Знаете, как всякая молодая девчонка на малооплачиваемой работе. Вы думаете, какие у нас оклады? Скажу — не поверите. Со всеми премиями и надбавками в месяц даже тысячи не получается. Разве на такие деньги проживешь? Хорошо, у меня муж в автосервисе работает. А ей-то, незамужней, каково? Ладно, обычной бы себя считала, а то она же у нас красивая… — не без ехидства протянула Рагозина. — Выглядеть хочется, одеваться, понимаете ли…
— Да, на такую зарплату по ресторанам не разгуляешься, — согласился Старостин. — А что ж она в таком случае на такой работенке делает? Могла бы найти что-нибудь поденежнее.
— А, — отмахнулась Валентина, — блажь все это. Любит она, конечно, театр. Да у нас тут все его любят. Это как болото — один раз попал, уже не выкарабкаешься. А Наташка еще и об актерской карьере мечтает. Вообще-то задатки у нее есть, — сквозь зубы признала Валентина, — только вряд ли из нее что-нибудь дельное получится. Я ей сколько раз советовала: брось дурное, Наташка, выбери себе богатого мужика, выходи за него и живи как за каменной стеной. Так нет же! Она все со своими детскими мечтами носится. Скучно ей с бизнесменами. Вот так и окажется когда-нибудь у разбитого корыта. Годы-то идут, красота — она дело уходящее. Вот я тоже в молодости красавицей была.
— Вы и сейчас, Валюша, ничего, — польстил ей Старостин.
Валентина густо покраснела.
— Будет вам, — махнула она рукой. — Какая из меня красавица?
— Нет-нет, я серьезно. Кстати, Мазурова ничего не рассказывала о своей семье, родителях?
— Если бы мы были близкими подругами, может, и рассказала бы, а так она все больше помалкивает. Знаю только, что вроде сама из Риги, сирота, воспитывала ее, кажется, тетка, которая тоже работала в театре.

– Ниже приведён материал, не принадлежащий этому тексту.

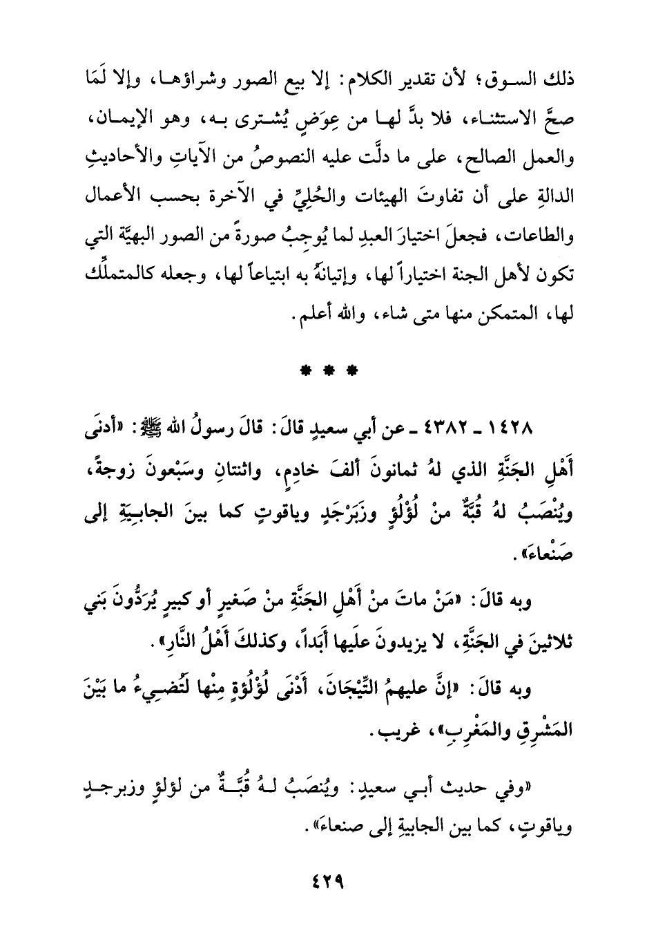 1428 – 4382 - عن أبي سعيد قال: قال رسول الله صلى الله عليه وسلم: "أدنى أهل الجنة الذي له ثمانون ألف خادم, واثنتان وسبعون زوجة, وينصب له قبة من لؤلؤ وزبرجد وياقوت كما بين الجابية إلى صنعاء"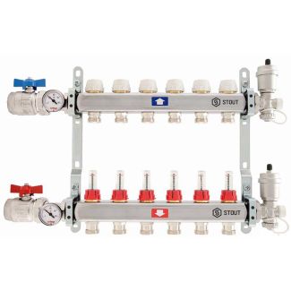 - Коллекторный блок из нержавеющей стали с расходомерами Stout 1" 3 4"x8 в каталоге Теплые полы в России;

Так что, можно сказать, она у нас из богемной среды.
(Наталья на всякий случай говорила всем, что родом из Риги.) — А поподробнее?
— Подробностей не знаю. Может, она чего кому и рассказывала, только не мне.
Старостин уцепился за последние слова.
— А кому в театре она могла рассказывать о себе?
— Наташка у нас гордая, водится все больше с примадоннами. Не знаю, в близких подругах или нет, но в гости к ним захаживает. И чего только они ее терпят?
— Кто конкретно?
— Лена Добржанская, балерина, и Инесса Рождественская — певица. Вот, в общем, и все.
— Сергей Тимофеевич, добрый день. Вам звонит журналистка Мазурова Наталья. Вы меня помните?
— Как же я могу вас забыть, Наташенька! — Голос депутата показался ей слегка возбужденным. — Очень рад вас слышать.
— Вы, наверное, заняты? Я вас не отрываю от важных государственных дел?
— Когда звонит такая прелестная дама, государственные дела могут подождать.
— В общем-то, я тоже по делу. Хотела сказать, что моя работа над материалом близится к завершению, но мне нужно уточнить некоторые детали. Не могли бы вы уделить мне еще совсем немного времени?
— Почему же немного? Я могу вам уделить его столько, сколько потребуется. Тем более что это в моих же интересах.
— Тогда как бы нам встретиться? Может быть, я подъеду?
— Погодите, Наташа. У меня есть идея. Вы, наверное, знаете, что в Москву приезжает Патрисия Каас? Вам нравится эта певица?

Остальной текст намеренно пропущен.